INCLUSION CRITHERIA were: (1) Age (18-70), (2) All gender, (3) No psychiatric illness under surveillance or treatment, (4) No previous proctological treatment, (5) No IBD, (6) No affiliation to other nutritional programme.
Theoretical elaboration of prototypes representative of IBS patients was developed through an interdisciplinary Focus Group (25, 26) involving:
• n.1 Proctology specialist;
• n.1 Clinical Psychologist specialist;
• n.2 Nutritionists;
• n.2 Experts in Digital Health;
• n.1 Expert in Healthcare organization.
Based on the IBS Personas, the Focus Group also mapped the pathway for the management of an IBS patient and implemented desk research on mHealth solutions addressing IBS personas unmet needs. The Focus Group divided the management of IBS into events (activities, interventions, or staff interactions), and analyzed mHealth solutions. These events (outpatient visits and lifestyle modification) were interpreted as a new patient care process (Figure 1).
Results
IBS patients
The Blueprint Survey was administered to a group of 50 patients diagnosed with IBS. The group included 22 males and 28 females, with a mean age of 41.33 (range 18–70). 34 of these (15M, 19F) were active workers, 6 were retired (5M, 1F), 5 unemployed and 5 were household. Diagnosed according to Rome IV criteria, 27 patients suffering IBS with predominant constipation (12M, 15F), 12 with predominant diarrhea (2M, 10F), 11 patients had mixed bowel habits (2M, 9F). A group of 12 patients showed a positive test for lactose intolerance and were excluded from the study. All patients were treated with a change of the diet increasing the amount of fibers and fluids intake. All patients were advised to exercise regularly. In 12 out 50 a FODMAP diet was administered and in 38 a high fiber rate diet was prescribed with medical therapy for constipation (macrogol, psyllium) or diarrhea (loperamide, anticholinergic). In three cases antidepressant (SSRI) were associated. 13 patients (10M, 3F) complained for more complex associated symptoms and they needed surgery. 8 complete or single node hemorrhoidectomy and 5 lateral internal sphincterotomy were performed (Figure 1).
IBS personas
Based on the characteristics of the population of 50 patients included in the study, the Focus Group developed 5 Personas, following the Blueprint methodology (Figure 2).

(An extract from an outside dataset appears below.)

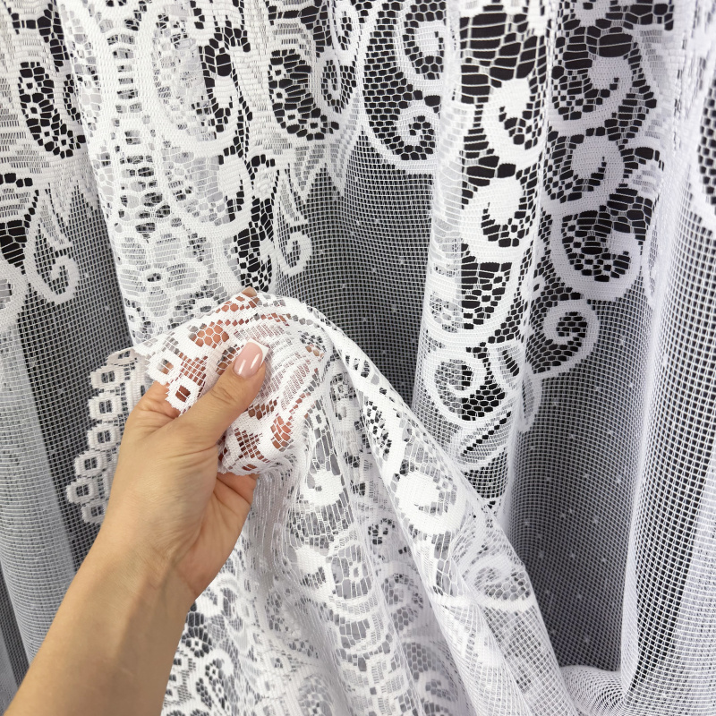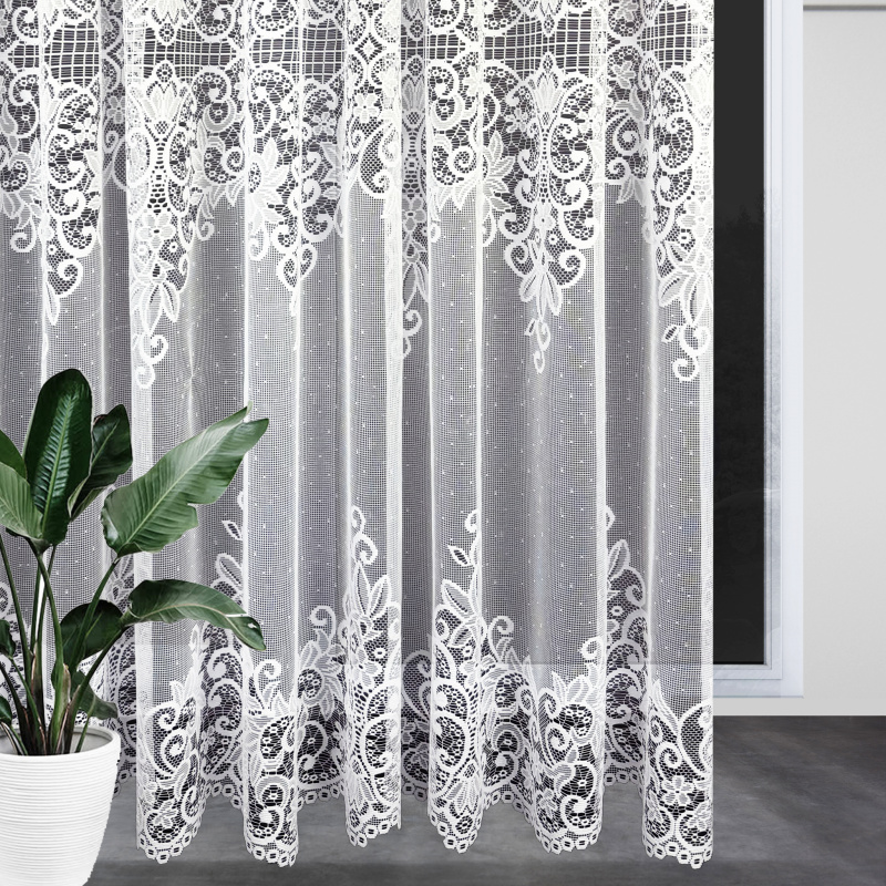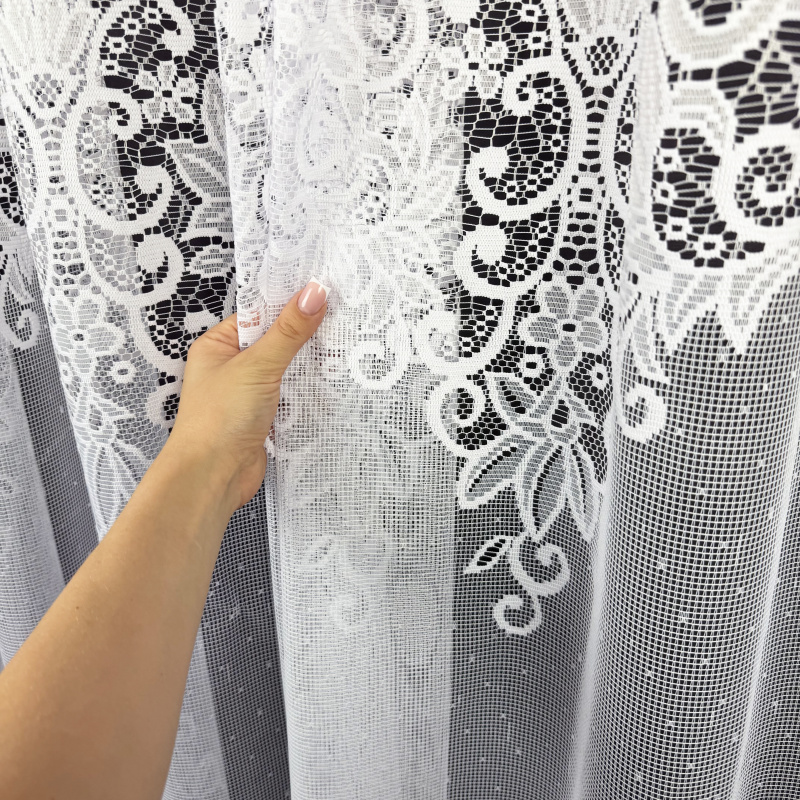 Ervi žakárová záclona v bílé barvě se vzorem.

To identify Digital Health models that had an intervention strategy for IBS treatment and management, a persona, Antonio, has been developed who somewhat embodies all the recurring issues and needs in these patients. Age, general information, personal and life, hobbies, working condition, health concerns, and health needs have been taking in consideration to design a global picture. More in details, Antonio is a 40 years-old man with an active life. When adolescent he underwent surgery for a bowel occlusion due to a lipoma, with a bowel resection. He is generally well, but anxious about his health condition, and quite often comes back for controls due to fear of a colon cancer. He currently suffers from IBS and haemorrhoids, for which he undergoes local treatments. Three main needs were identified to be met to improve Antonio's lifestyle: access to psychological support, need to use one or more mHealth solutions supporting diet and adapted physical activity, and home-based digital health support to manage IBS (Figure 3).
mHealth interventions
Mobile apps for the treatment of IBS may support psychoeducation on the etiology of IBS and the effectiveness of Cognitive Behavioral Therapy (CBT) in treatment. These mobile apps train the patients on various CBT strategies to mitigate the impact of IBS in daily life, including relaxation training, cognitive restructuring and catastrophizing, exposure exercises to reduce avoidance, and behavioral experiments (27).

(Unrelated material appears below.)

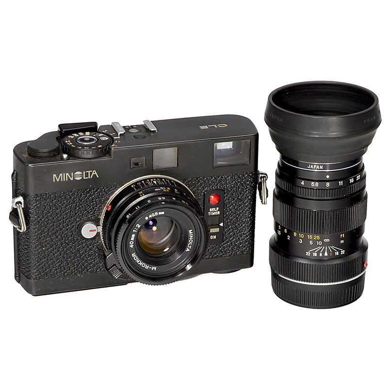 Minolta, Japan. 1) Minolta CLE, 1981, no. 1005226, the advanced Leica CL with TTL-controlled focal plane shutter. With M-Rokkor 2/40 mm. (3/2-) – And: 2) M-Rokkor 4/90 mm, lens hood and 2 caps. (3/2)

Despite the differences in the symptoms, all IBS Personas might take advantage of a support for adherence to diet, physical exercise, and psychological wellbeing. These common, unmet needs informed the Focus Group search for mHealth solutions.
Lifestyles are the first level of intervention for IBS patients. Personalized coaching solutions may allow patients to prevent and avoid a sedentary lifestyle and receive useful and comprehensive long-term coaching. Personalized coaching mobile apps allow patients to receive advice on nutrition and other lifestyles (such as smoking, drinking, drug abuse and others), in line with personal preferences (28). Interactive coaching makes it possible to measure progress and classify a patient's behavior in order to identify possible warnings to be communicated to users.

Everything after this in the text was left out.